Koniec świata kiedyś na pewno będzie.... Po tym trzęsieniu ziemi oś ziemi się przekrzywiła i rok został skrócony o 4 sek. To bardzo dużo...
Kilka takich przesunięć i na całym świcie się klimaty pozmieniają... u na sbęda upały a w Afryce zimno... ludzie wyginą... no kilka ich zostanie... Najsilniejsze osobniki... i pewnie odrodzi się coś nowego.
Przed nami były dinozaury - wygineły... Miały swoja epokę i skończyło się... tak samo będzie z nami... ludźmi.... kiedyś nasz czas się skończy i świat zdominują jakieś inne osobniki... Nie chodzi mi o UFO
Tak już jest w przyrodzie... jedno ginie drugie się odradza...
Zresztą już teraz można zaobserwować że gatunek ludzki jakby ginie... Coraz mniej dzieci się rodzi...
Niby jest taka przepowiednia, że po papieżu Polaku będzie papież murzyn,a później to już koniec świata...

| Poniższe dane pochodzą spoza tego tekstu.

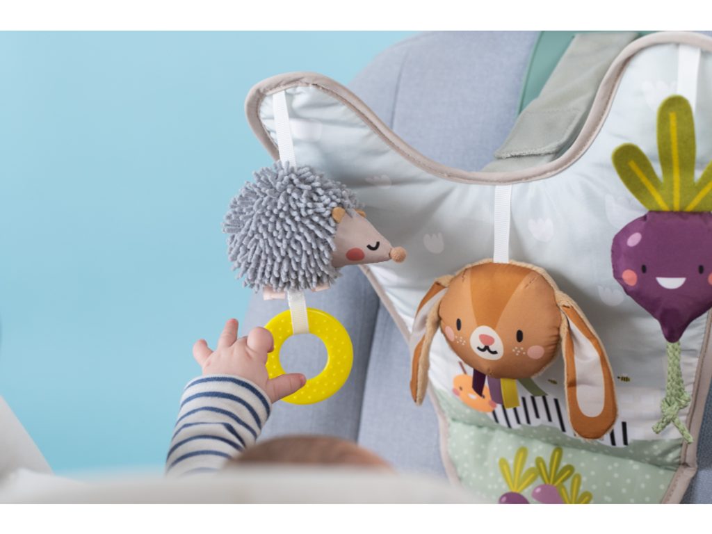 Hrací pultík se zavěšenými textilními hračkami a krásnými ilustracemi ze života na zahradě zabaví během jízdy dítě sedící v autosedačce proti směru jízdy. Velké zpětné zrcátko umožňuje rodiči dítě sledovat během jízdy. Pultík nabízí ke zkoumání chrasticího králíčka, šusticí řepu a cinkajícího ježka. Snadné připevnění do auta s pomocí suchého zipu. Hrací pultík a zpětné zrcátko lze používat i samostatně. Pro děti od narození.

Rasistką nie jestem... jaki papiez będzie taki będzie... Będę to musiałą zarówno ja tak jak i inni zaakceptowac.. A czy to że papieżem będzie murzyn oznacza że to koniec świata
Ja myślę, że nie... że to nieprawda z tym końcem świata. Murzyn to taki człowiek jak i my biali.. tylko się kolorem skóry różni...
Ale z drugiej strony... to co się stało 11 września tez było przepowiedziane.... i się spełniło....
Narazie jest świat istnieje życie... myślę, że nie warto myślec o końcu świata, ponieważ i tak nas to zaskoczy w najmniej oczekiwanym momencie i 'od tak sobie' - na zawołanie, w życiu się takie coś nie stanie... Co będzie to będzie... nie mamy na to wpływu... może i dobrze.... bo człowiek potrafi "co nieco schrzanić sprawę"... Takie jest moje zdanie.